» DIRECTIONS:
Leaving the pictures aside, return all of the data below exactly.

» DATASET EXCERPT:

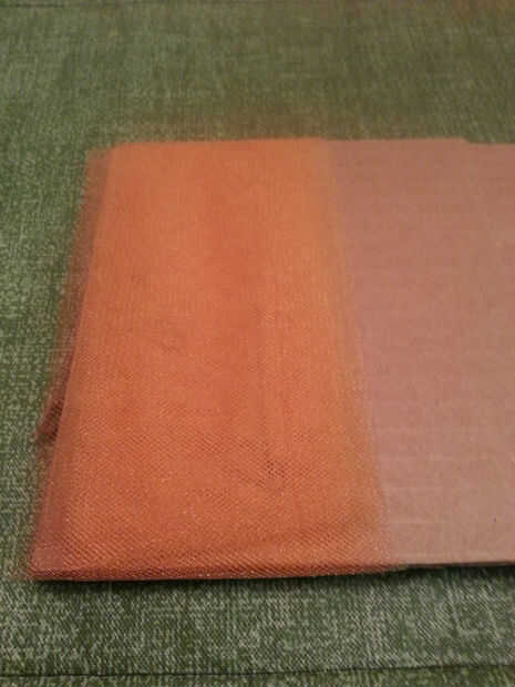 #2 envolver el tul las tiras alrededor de la longitud solicitada de cartón... teniendo cuidado de no estirar el tul. Alinee el primer borde del tul de la parte superior de la cartulina. Si necesita usted puede utilizar un pequeño trozo de cinta o un clip (lado) para sujetar el tul en lugar... Continúe envolviendo. Corte cualquier exceso que tienes.
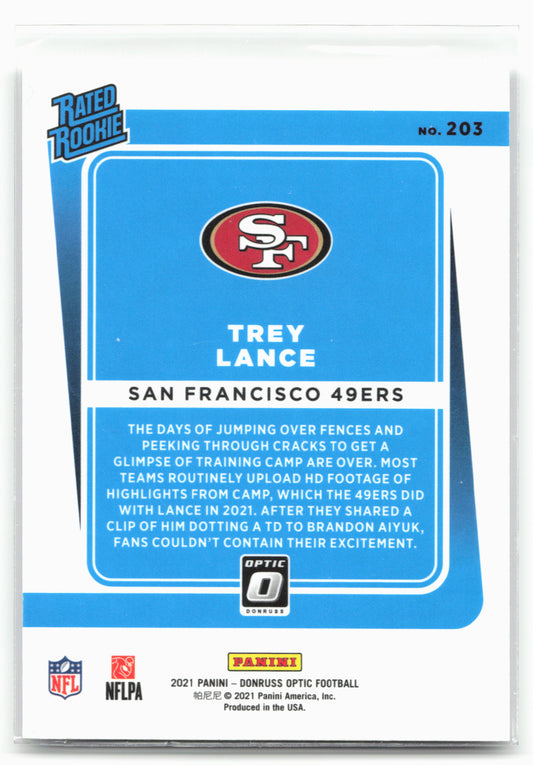 This is a nice example of a 2021 Donruss Optic #203 Trey Lance Other important information about this card:RCIn 2021 Trey Lance played for the San Francisco 49ers.Please check out...
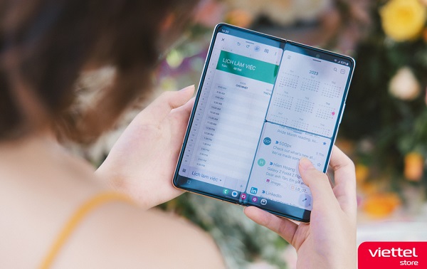Là một người có lịch trình và task công việc liên tục, Galaxy Z Fold4 như một trợ thủ đắc lực khi có thể mở cùng lúc một cửa sổ Excel soạn thảo, một cửa sổ Lịch và một cửa sổ Mail để kiểm tra và lên lịch nhanh chóng.

» SOLUTION TO THIS TASK:
 #2 envolver el tul las tiras alrededor de la longitud solicitada de cartón... teniendo cuidado de no estirar el tul. Alinee el primer borde del tul de la parte superior de la cartulina. Si necesita usted puede utilizar un pequeño trozo de cinta o un clip (lado) para sujetar el tul en lugar... Continúe envolviendo. Corte cualquier exceso que tienes.
 This is a nice example of a 2021 Donruss Optic #203 Trey Lance Other important information about this card:RCIn 2021 Trey Lance played for the San Francisco 49ers.Please check out...
Là một người có lịch trình và task công việc liên tục, Galaxy Z Fold4 như một trợ thủ đắc lực khi có thể mở cùng lúc một cửa sổ Excel soạn thảo, một cửa sổ Lịch và một cửa sổ Mail để kiểm tra và lên lịch nhanh chóng.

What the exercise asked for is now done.